* [What you need to do]: Nothing but the pictures should be left out when you copy the records exactly.

+++ Extracted information +++

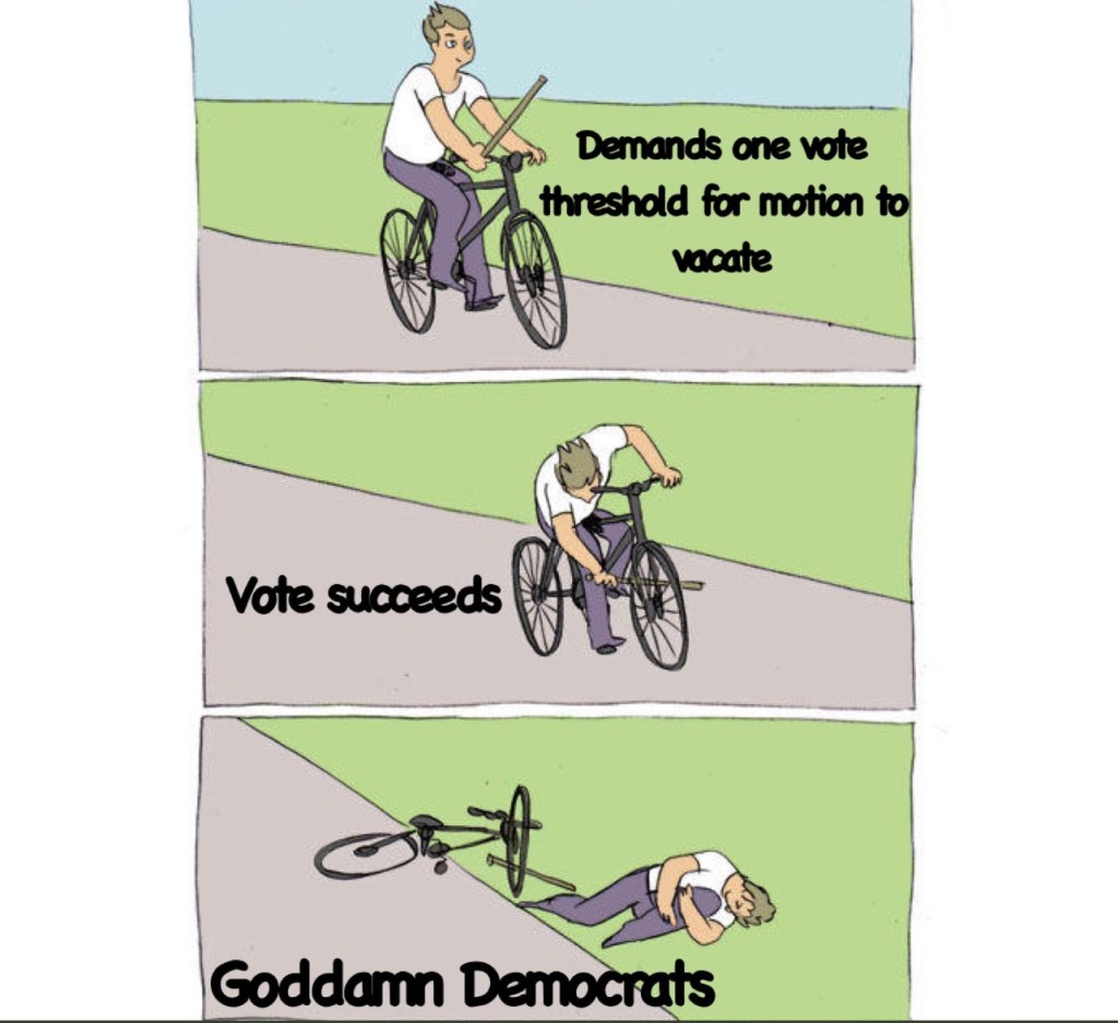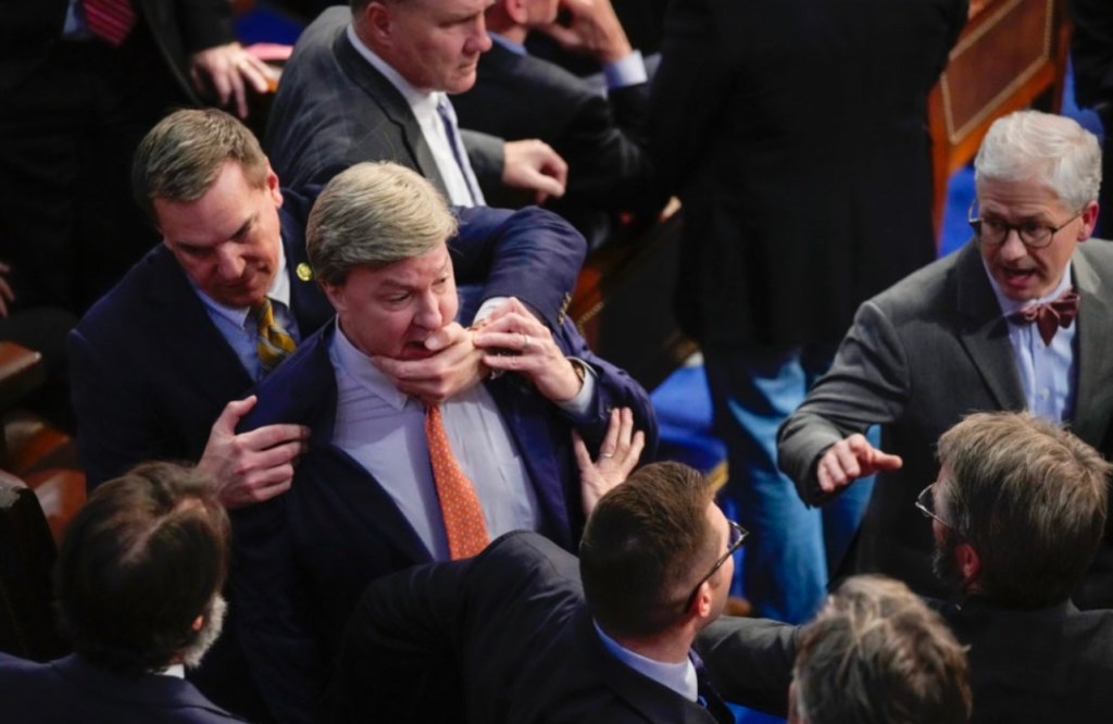 We do have an “Acting Speaker” The first order of business by the new acting speaker, Patrick McHenry, the little guy with a bow tie who makes the gavel look like Thor’s hammer, was to slam the gavel as hard as he could.
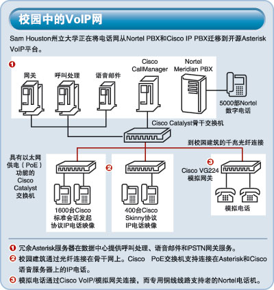 SHSU到目前為止已經將1600 部IP電話由Cisco CallManager遷移到Asterisk上,后者運行IETF標準的SIP。Asterisk的功能將分布在幾臺冗余Dell服務器上:其中兩臺作為冗余PSTN網關;
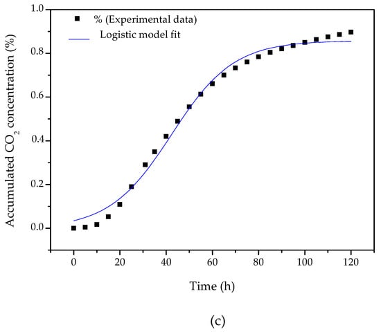 When all conditions are optimal for growth, μ = μmax (maximum specific growth rate). Fitting Equation (3) to the full curve of the experimental data for the accumulated CO2 concentration resulted in μmax = 0.075 (± 0.004) h−1 (R² = 0.992, Figure 3c) for the bioprocess studied here. It should be noted that this parameter is specific for each combination of microorganism, substrate, and product, hence requiring specific experimental measurements of growth in the system of interest.
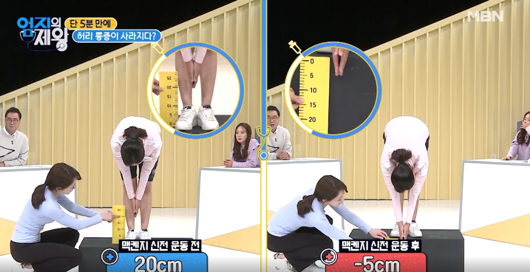 방송중에 맥켄지 운동을 따라한 주부의 운동전후 기록인데요. 신기하게도 빠른 시간안에 통증이 사라지고 허리의 근력과 유연성을 키운 맥켄지 신전운동은 바른 자세와 운동법이 핵심입니다.
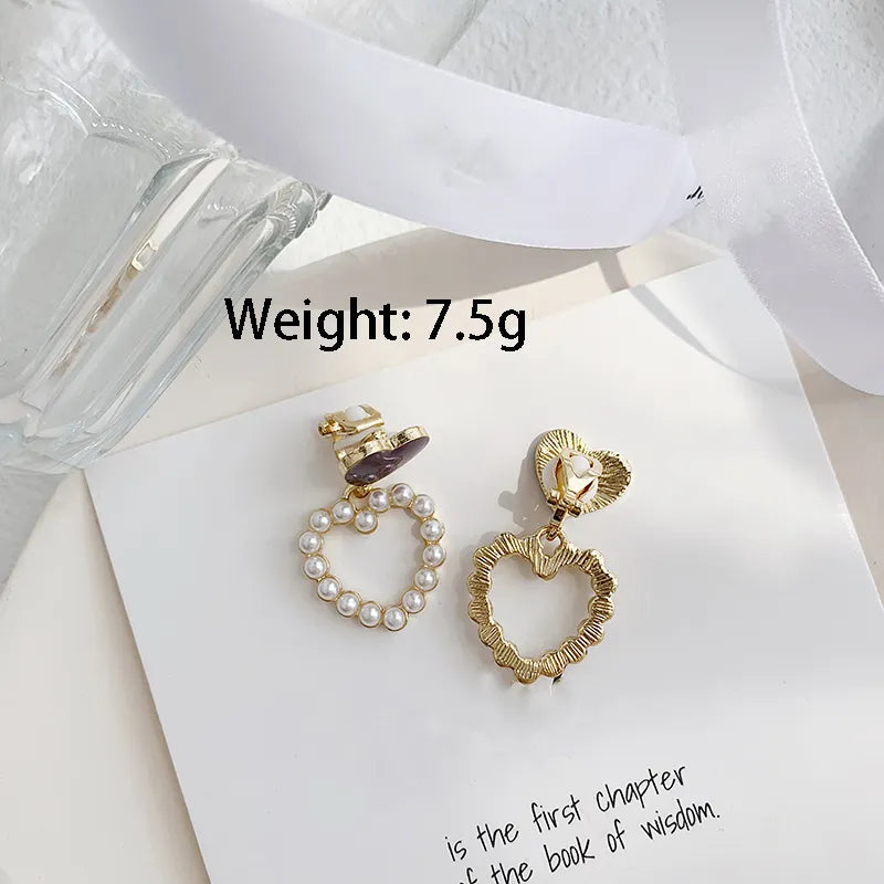 Add a touch of elegance to your outfit with these stunning clip-on earrings! Each earring features a 1 1/2" gold, purple heart, and white pearls, perfect for any occasion. No need for pierced ears, making them suitable for all. Upgrade your accessory game with these beautiful statement earrings!
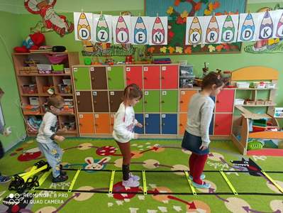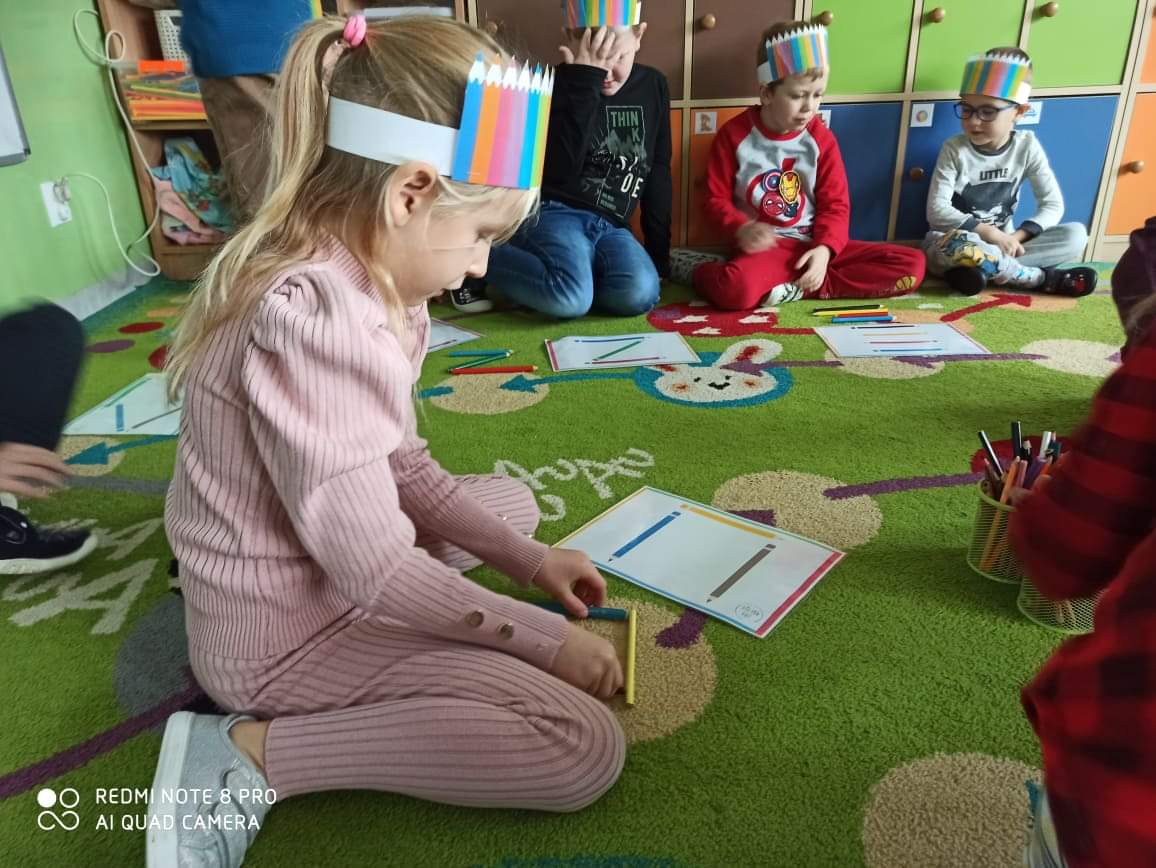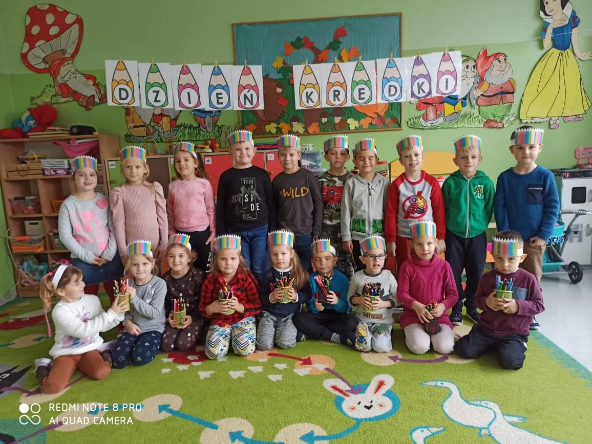 W poniedziałek 22 listopada br. obchodziliśmy w naszym przedszkolu Dzień Kredki. Święto to w szczególny sposób wiąże się z dziećmi, bowiem dzięki kredkom mogą one wyrażać swoje przeżycia, uczucia, myśli. Uczą się twórczego myślenia oraz rozwijają wyobraźnię. Rysowanie to wspaniała przygoda i ważne doświadczenie dla każdego dziecka. Z tej okazji odbyły się zabawy z kredkami w roli głównej. Przedszkolaki słuchały opowiadań, których bohaterami były kredki, poznały ich rodzaje oraz obejrzały krótki film o tym, jak są zrobione. Tworzyły zbiory kredek według kryterium koloru, kształtu, wielkości, rodzaju i porównywały ich liczebność. Bawiły się przy piosence „Kolorowe kredki”, kolorowały rysunki nawiązujące do jej treści, brały też udział w zabawach muzyczno-ruchowych.
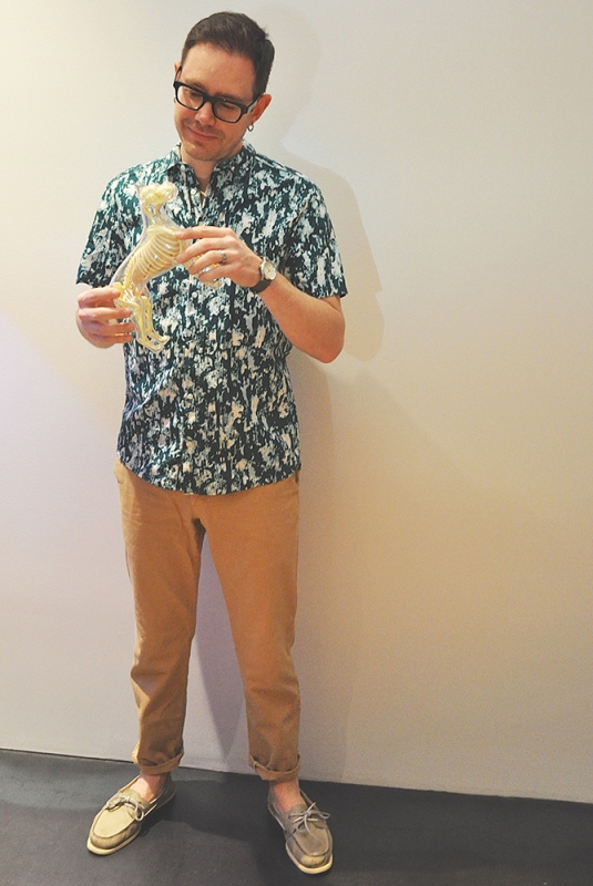 For say, a backyard BBQ in the summer, Jesse adopts what he calls his “bowler chic” look. Going sockless with cuffed chinos and a button down makes for a comfortable outfit, but still gives him the ability to add a surprising splash of color and pattern every once and a while. He says, “I like to have people think they know me and then throw them off.”

+++

* [Written solution]:
 We do have an “Acting Speaker” The first order of business by the new acting speaker, Patrick McHenry, the little guy with a bow tie who makes the gavel look like Thor’s hammer, was to slam the gavel as hard as he could.
 SHSU到目前為止已經將1600 部IP電話由Cisco CallManager遷移到Asterisk上,后者運行IETF標準的SIP。Asterisk的功能將分布在幾臺冗余Dell服務器上:其中兩臺作為冗余PSTN網關;
 When all conditions are optimal for growth, μ = μmax (maximum specific growth rate). Fitting Equation (3) to the full curve of the experimental data for the accumulated CO2 concentration resulted in μmax = 0.075 (± 0.004) h−1 (R² = 0.992, Figure 3c) for the bioprocess studied here. It should be noted that this parameter is specific for each combination of microorganism, substrate, and product, hence requiring specific experimental measurements of growth in the system of interest.
 방송중에 맥켄지 운동을 따라한 주부의 운동전후 기록인데요. 신기하게도 빠른 시간안에 통증이 사라지고 허리의 근력과 유연성을 키운 맥켄지 신전운동은 바른 자세와 운동법이 핵심입니다.
 Add a touch of elegance to your outfit with these stunning clip-on earrings! Each earring features a 1 1/2" gold, purple heart, and white pearls, perfect for any occasion. No need for pierced ears, making them suitable for all. Upgrade your accessory game with these beautiful statement earrings!
 W poniedziałek 22 listopada br. obchodziliśmy w naszym przedszkolu Dzień Kredki. Święto to w szczególny sposób wiąże się z dziećmi, bowiem dzięki kredkom mogą one wyrażać swoje przeżycia, uczucia, myśli. Uczą się twórczego myślenia oraz rozwijają wyobraźnię. Rysowanie to wspaniała przygoda i ważne doświadczenie dla każdego dziecka. Z tej okazji odbyły się zabawy z kredkami w roli głównej. Przedszkolaki słuchały opowiadań, których bohaterami były kredki, poznały ich rodzaje oraz obejrzały krótki film o tym, jak są zrobione. Tworzyły zbiory kredek według kryterium koloru, kształtu, wielkości, rodzaju i porównywały ich liczebność. Bawiły się przy piosence „Kolorowe kredki”, kolorowały rysunki nawiązujące do jej treści, brały też udział w zabawach muzyczno-ruchowych.
 For say, a backyard BBQ in the summer, Jesse adopts what he calls his “bowler chic” look. Going sockless with cuffed chinos and a button down makes for a comfortable outfit, but still gives him the ability to add a surprising splash of color and pattern every once and a while. He says, “I like to have people think they know me and then throw them off.”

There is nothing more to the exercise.